◆ **Task item**: Your answer must be the exact lines of the listing below that run from the line with "2年生ボール運び鬼 あたたか" to the line with "代表的なサービス | ・BASE ・Shopify ・STORES ・カラーミーショップ ・Cafe24 |", ends included, and no pictures.

◆ **Raw data**:
══════════
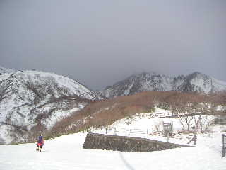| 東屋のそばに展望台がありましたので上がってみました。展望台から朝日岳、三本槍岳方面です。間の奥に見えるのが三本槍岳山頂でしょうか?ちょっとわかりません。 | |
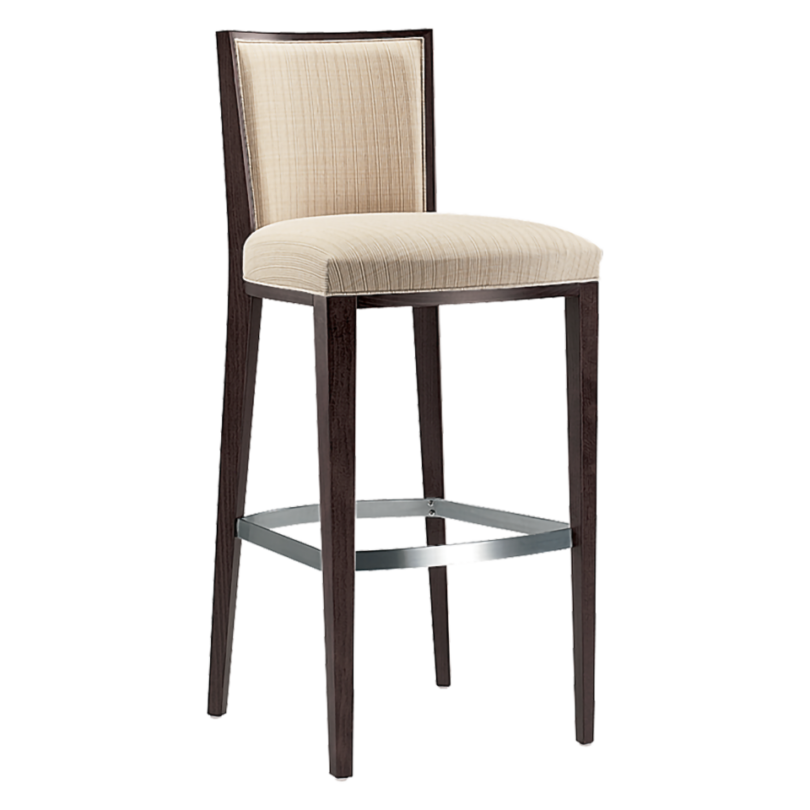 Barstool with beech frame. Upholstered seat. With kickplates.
══════════
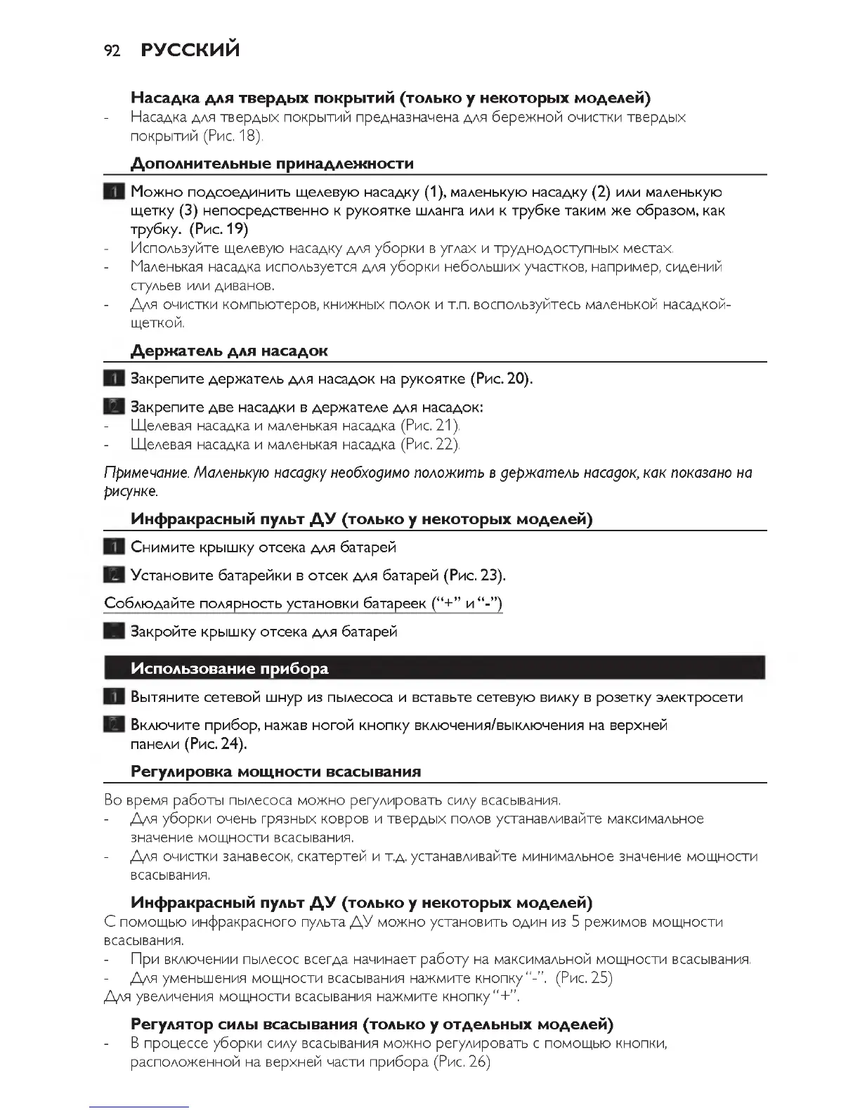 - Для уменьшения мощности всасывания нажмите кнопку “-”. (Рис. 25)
══════════
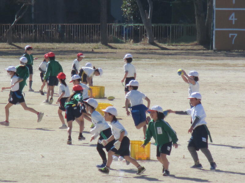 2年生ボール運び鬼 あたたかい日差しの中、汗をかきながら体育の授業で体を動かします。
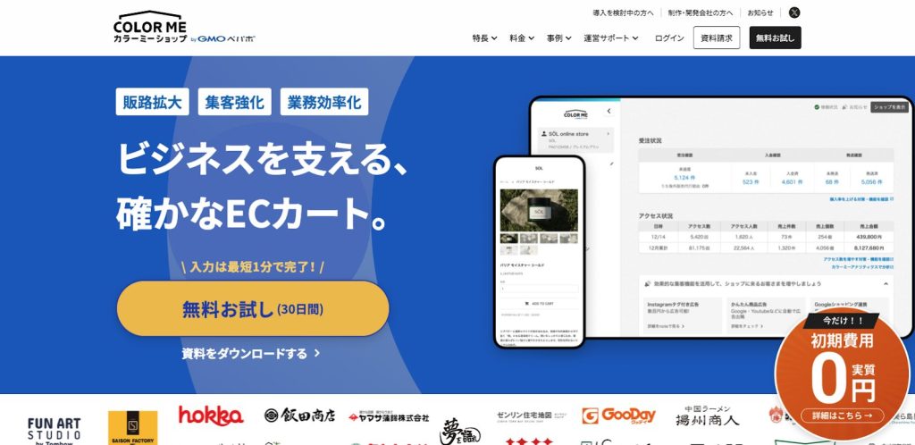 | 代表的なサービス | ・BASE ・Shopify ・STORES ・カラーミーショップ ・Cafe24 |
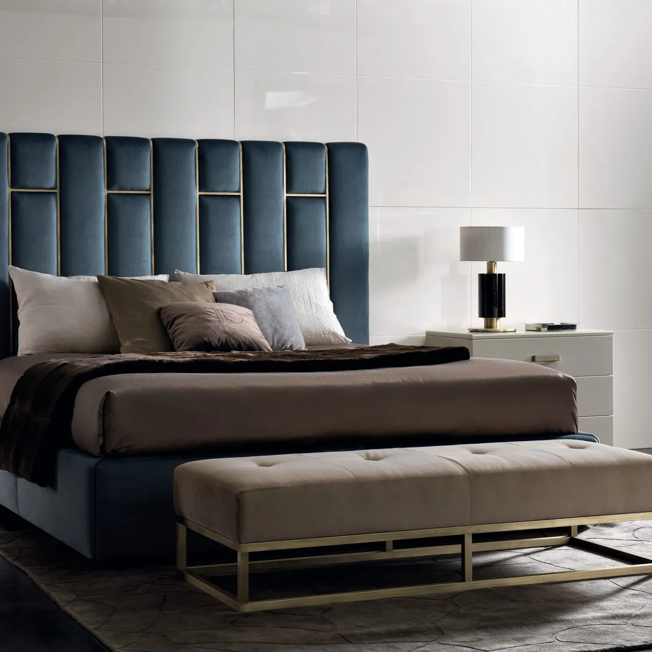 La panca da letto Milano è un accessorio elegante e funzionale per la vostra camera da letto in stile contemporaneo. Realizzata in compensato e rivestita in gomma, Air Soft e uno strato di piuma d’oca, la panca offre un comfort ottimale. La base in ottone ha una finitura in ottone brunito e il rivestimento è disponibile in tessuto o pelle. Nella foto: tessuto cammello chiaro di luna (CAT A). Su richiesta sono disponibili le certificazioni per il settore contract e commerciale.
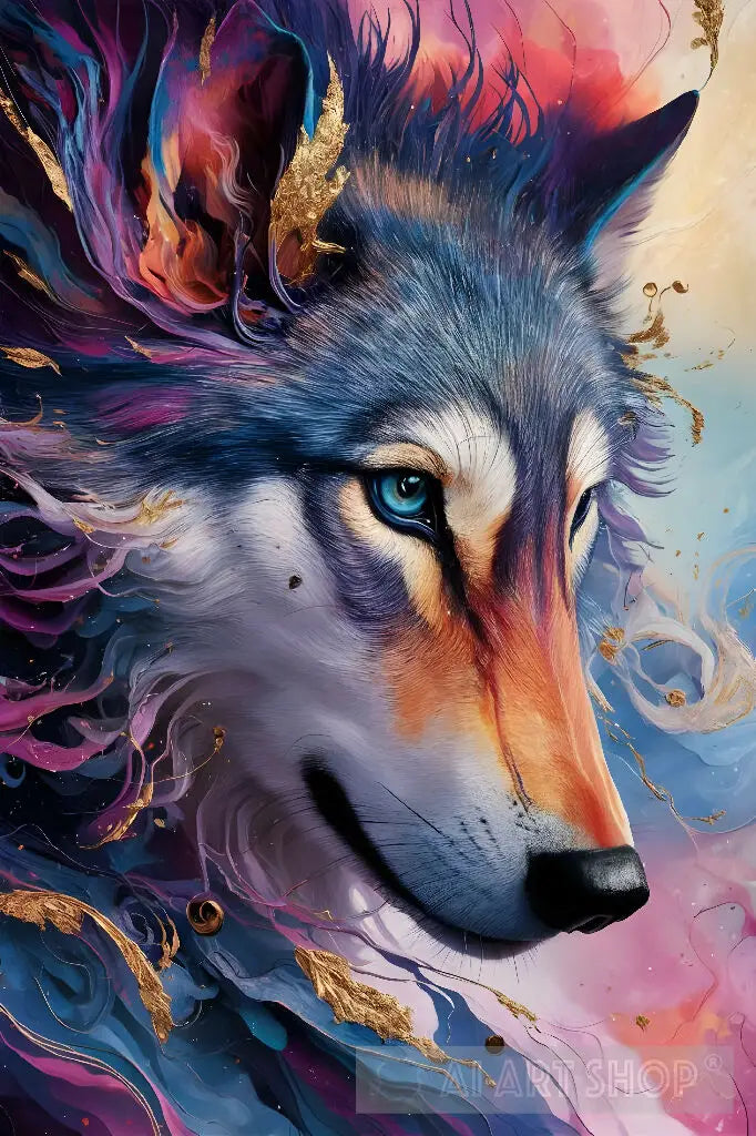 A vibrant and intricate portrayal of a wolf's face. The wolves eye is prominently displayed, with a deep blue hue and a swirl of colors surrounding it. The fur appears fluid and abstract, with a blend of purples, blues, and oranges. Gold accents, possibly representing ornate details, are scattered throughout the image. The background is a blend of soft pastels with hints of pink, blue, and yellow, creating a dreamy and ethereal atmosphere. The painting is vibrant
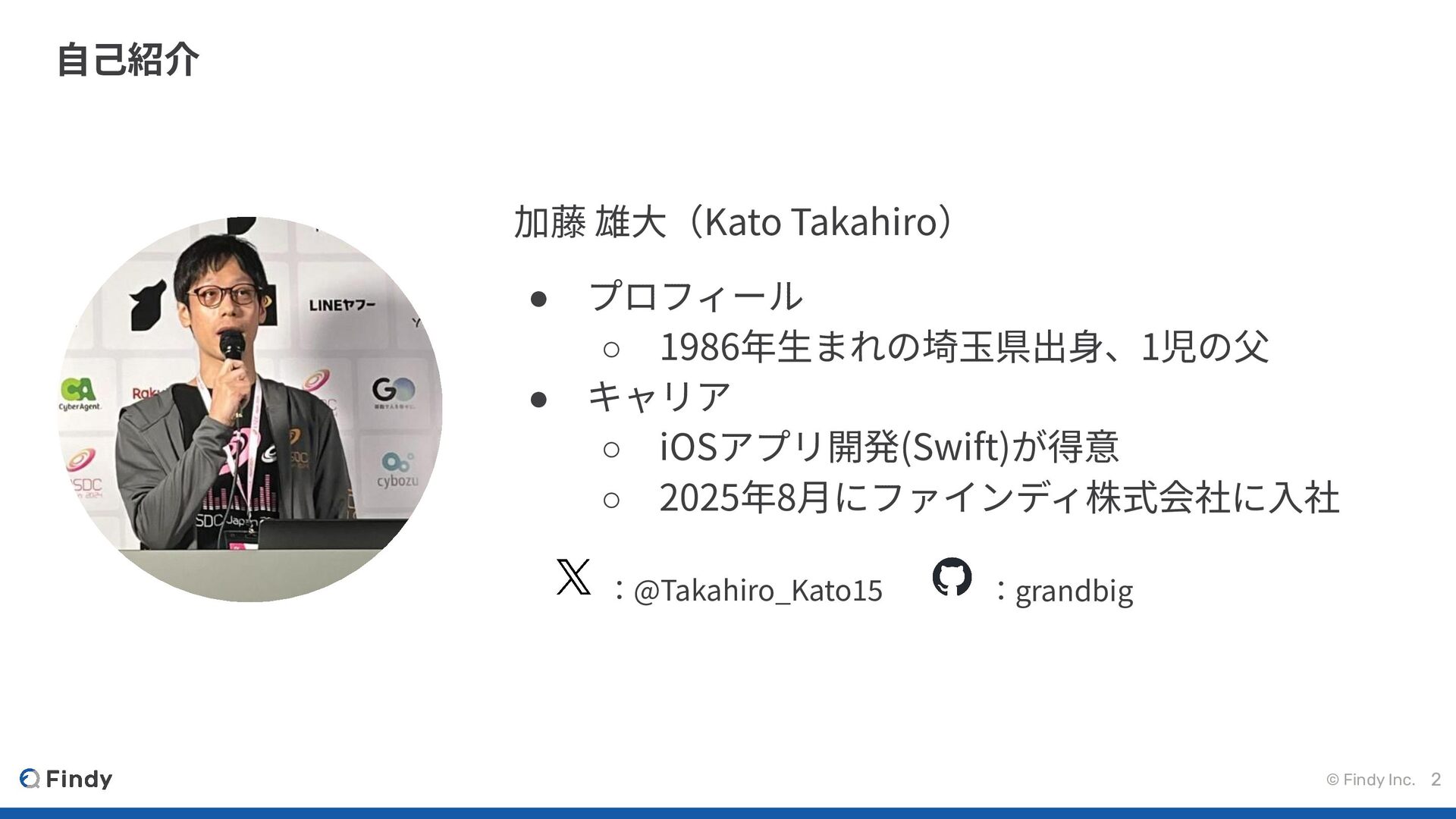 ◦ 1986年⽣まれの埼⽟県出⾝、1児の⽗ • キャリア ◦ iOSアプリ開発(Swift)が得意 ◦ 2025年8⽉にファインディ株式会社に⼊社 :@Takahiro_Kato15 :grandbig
══════════
◆ **Response**:
 2年生ボール運び鬼 あたたかい日差しの中、汗をかきながら体育の授業で体を動かします。
 | 代表的なサービス | ・BASE ・Shopify ・STORES ・カラーミーショップ ・Cafe24 |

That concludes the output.